**GIVEN RECORDS**:
*** Begin section ***

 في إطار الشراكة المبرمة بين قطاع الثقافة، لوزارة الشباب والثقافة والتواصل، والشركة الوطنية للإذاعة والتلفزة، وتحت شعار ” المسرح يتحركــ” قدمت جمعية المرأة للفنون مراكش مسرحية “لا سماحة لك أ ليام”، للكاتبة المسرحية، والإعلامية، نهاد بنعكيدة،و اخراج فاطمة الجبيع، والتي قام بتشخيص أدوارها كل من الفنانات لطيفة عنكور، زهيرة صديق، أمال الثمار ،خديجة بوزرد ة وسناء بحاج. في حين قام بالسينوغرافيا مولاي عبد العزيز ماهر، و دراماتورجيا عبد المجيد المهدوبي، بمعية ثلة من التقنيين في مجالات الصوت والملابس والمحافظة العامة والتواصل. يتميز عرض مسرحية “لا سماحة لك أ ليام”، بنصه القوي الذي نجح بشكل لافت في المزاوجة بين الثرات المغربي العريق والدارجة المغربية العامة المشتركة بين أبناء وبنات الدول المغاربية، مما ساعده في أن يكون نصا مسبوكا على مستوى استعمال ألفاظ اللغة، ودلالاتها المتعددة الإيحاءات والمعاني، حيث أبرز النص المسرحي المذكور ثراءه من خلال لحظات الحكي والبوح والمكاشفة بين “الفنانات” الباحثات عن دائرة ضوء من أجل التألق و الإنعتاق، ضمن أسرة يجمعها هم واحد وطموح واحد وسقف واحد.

*** End section ***
*** Begin section ***

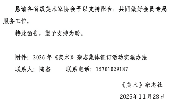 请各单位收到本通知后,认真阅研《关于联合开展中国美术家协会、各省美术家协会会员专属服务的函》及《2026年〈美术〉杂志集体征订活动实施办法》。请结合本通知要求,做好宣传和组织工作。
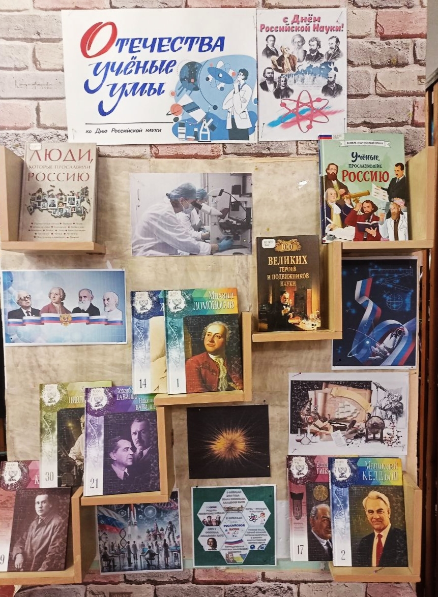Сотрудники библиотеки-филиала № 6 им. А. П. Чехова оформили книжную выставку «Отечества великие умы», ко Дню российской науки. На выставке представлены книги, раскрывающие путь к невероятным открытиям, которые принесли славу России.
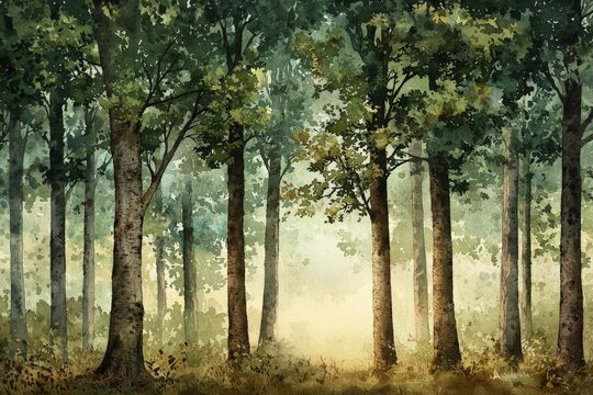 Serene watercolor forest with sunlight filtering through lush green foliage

*** End section ***
*** Begin section ***

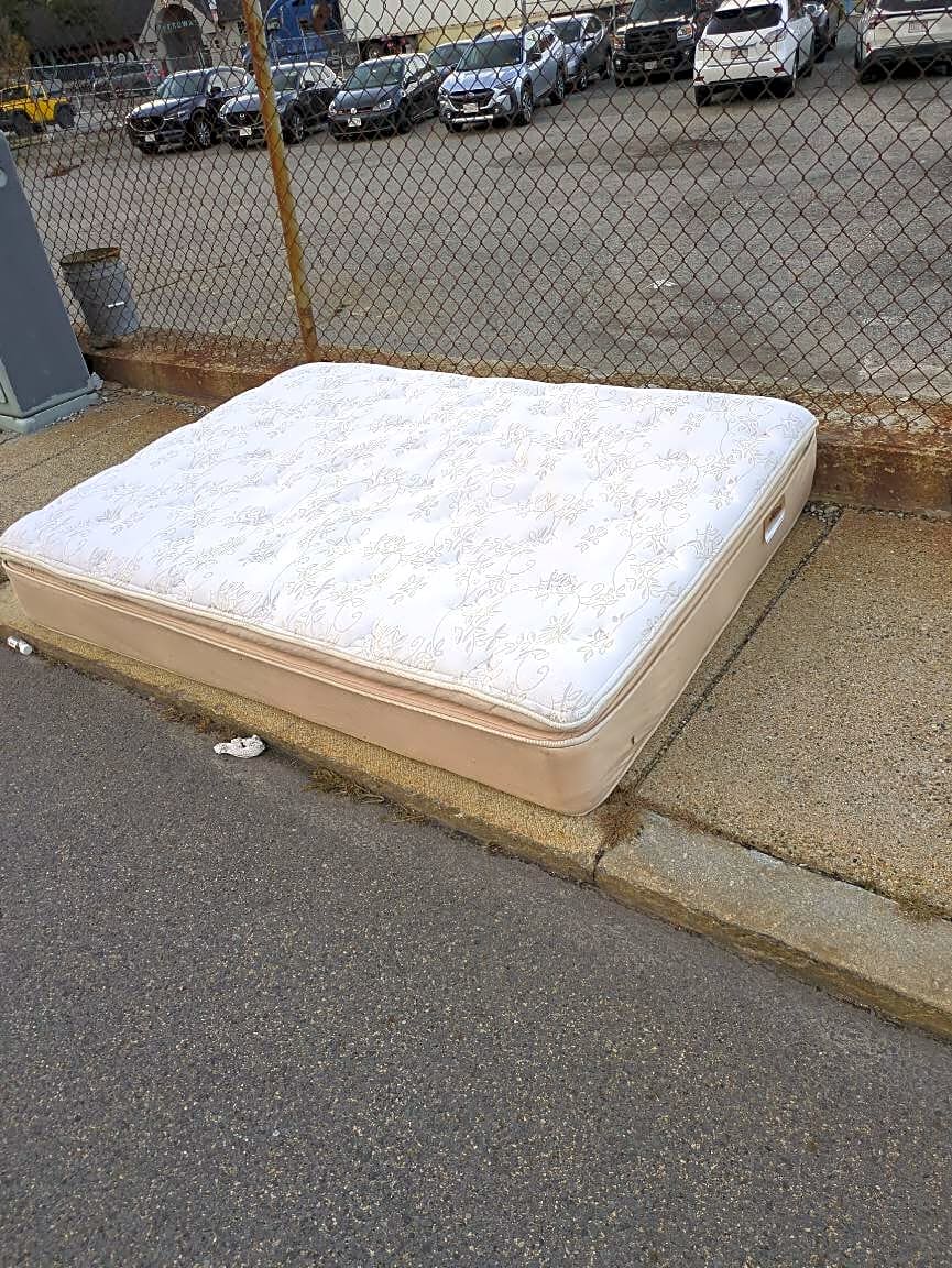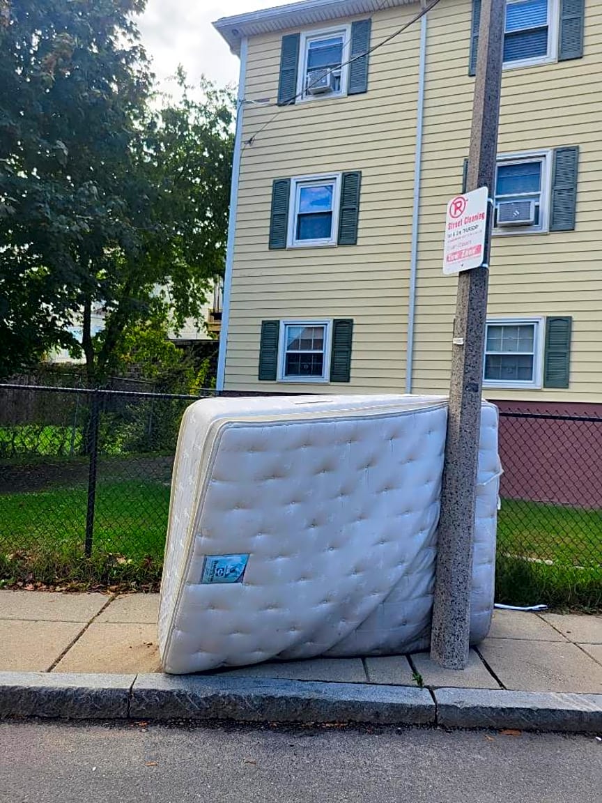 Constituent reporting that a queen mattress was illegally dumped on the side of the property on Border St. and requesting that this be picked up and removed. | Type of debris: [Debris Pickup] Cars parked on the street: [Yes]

*** End section ***

In the records above, copy exactly everything from the line that has "Сотрудники библиотеки-филиала №" down to the line that has "Serene watercolor forest", both ends included, and leave out the pictures.

Сотрудники библиотеки-филиала № 6 им. А. П. Чехова оформили книжную выставку «Отечества великие умы», ко Дню российской науки. На выставке представлены книги, раскрывающие путь к невероятным открытиям, которые принесли славу России.
 Serene watercolor forest with sunlight filtering through lush green foliage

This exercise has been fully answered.